Danke für jede Hilfe.


----------



## JCODA (28. Jan 2019)

https://stackoverflow.com/questions/5849791/how-do-i-retrieve-a-php-variable-in-my-html-code

"echo" ist das Schlüsselwort.

Zudem: ich vermute, wenn du php-tags benutzt muss es eine .PHP Datei sein? Hier bin ich mir allerdings nicht 100%ig sicher.

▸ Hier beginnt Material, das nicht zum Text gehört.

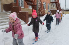 Дети нашего детского сада знакомятся с зимними видами спорта. Юные спортсмены катались сегодня на лыжах. Все зарядились хорошим настроением, здоровьем. Всем было радостно и хорошо!
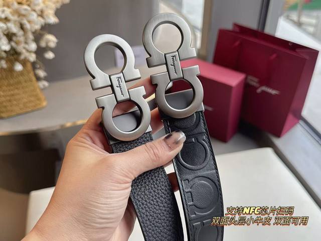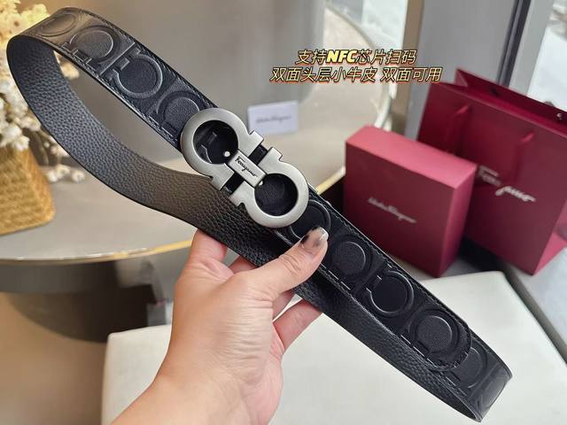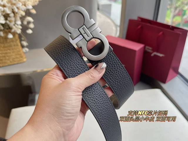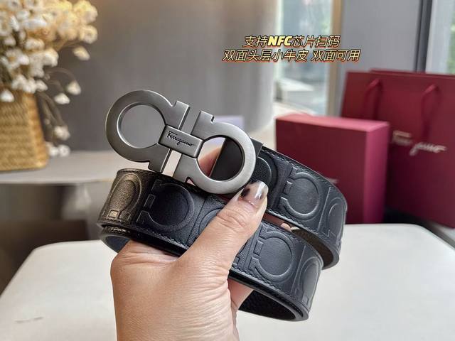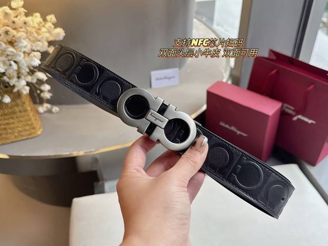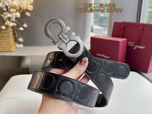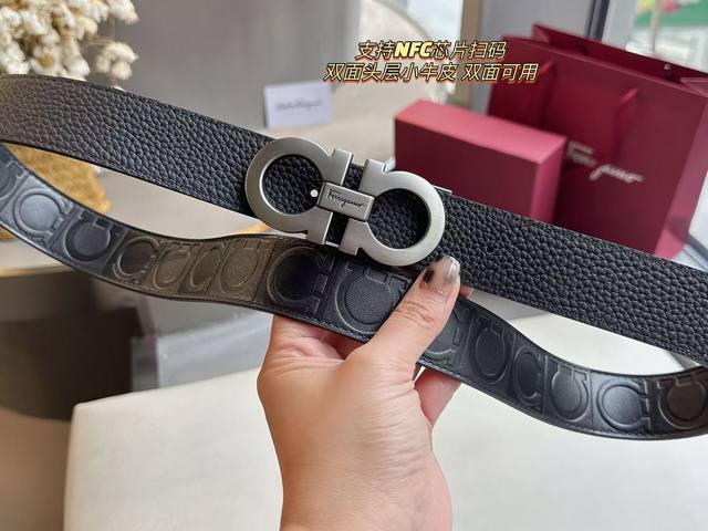 顶级原单复刻版 ,配送专柜全套礼盒包装进口原厂头层牛皮皮带 男士商务休闲腰带 Ferragamo.菲拉格慕 支持nfc扫码 宽度3.5Cm...
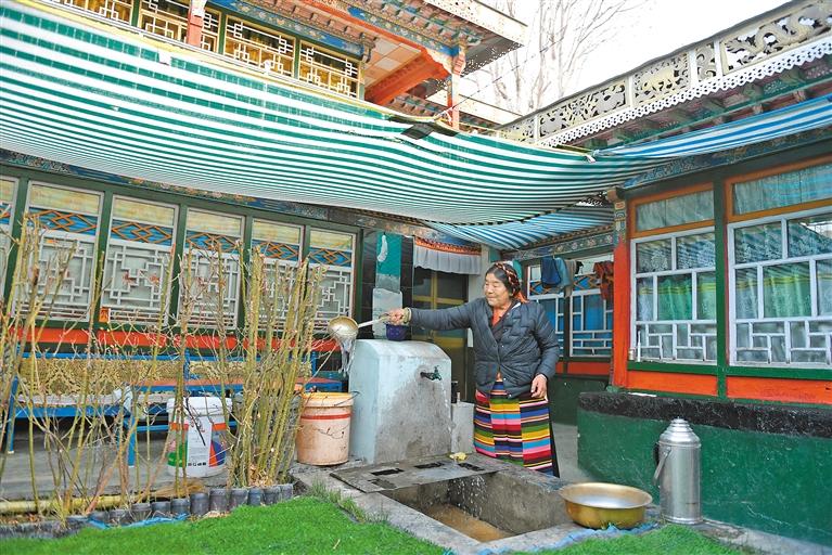 多吉曲珍在院子里接水澆花。 記者 旦增蘭澤 洛桑 唐斌 攝

Edit: laut https://www.ntchosting.com/encyclopedia/scripting-and-programming/php/php-in/
stimmt der letzte Teil: 


> *PHP in HTML - file extensions*
> When a given file contains PHP code, it must have a PHP extension. In most cases this is .php, but you can also configure the .htaccessfile to read the PHP code in the HTML file without renaming it or changing its extension.


----------



## Dimax (28. Jan 2019)

Danke für die Hilfe, wenn es reines php ist ,mache ich auch php 


Dimax hat gesagt.:


> die Daten verarbeitet loginDaten.php


Aber wenn ich nur ein Link auf der Seite einbaun möchte ,mit passenden Parametern, mache ich kein php File.
Hab mit echo ausprobiert, das Problem ist auf dem Foto .Und es werden keine Parameter weitergegeben.Also der Link bleib P= und nichts.


----------



## Dimax (28. Jan 2019)

Der Link nach dem Beispiel hab so gemacht`href="korrigieren.html?p="<?php echo $_GET["p"]; ?>"`


----------



## Dimax (28. Jan 2019)

oder besser JS benutzen ?


----------



## Robat (28. Jan 2019)

JS hat damit nichts am Hut.
Wenn du deine htaccess-Datei nicht so konfiguriert hast, dass sie aus HTML Dateien auch PHP Code gelesen werden kann, *musst* du als Endung .php haben.


----------



## Dimax (28. Jan 2019)

Danke Jungs für die Tipps,probiere etwas zu basteln. JCODA coole Seite mit Geschenken)).


----------



## Dimax (28. Jan 2019)

Ich formuliere meine Frage um..Wie kann ich die Parameter `[URL]http://$urlhost/intern/startInsert.html?sid=$sessionid&&p=$userid[/URL]"` auf meiner html Seite startInsert.html anzeigen oder besser ,eine andere Seite mit diesen Parametern verlinken? Also php geht nicht weil kein Zugriff auf htaccess.


----------



## Robat (28. Jan 2019)

Wurde doch schon beschrieben. So wie in dem link von @JCODA und indem du die Endung von HTML in php änderst. Du kannst ja trotzdem deinen HTML Code darin lassen...


----------



## Dimax (28. Jan 2019)

Es war aber so einfach))..Ist auch komisch php Datei fängt an mit <!DOCTYPE html>


----------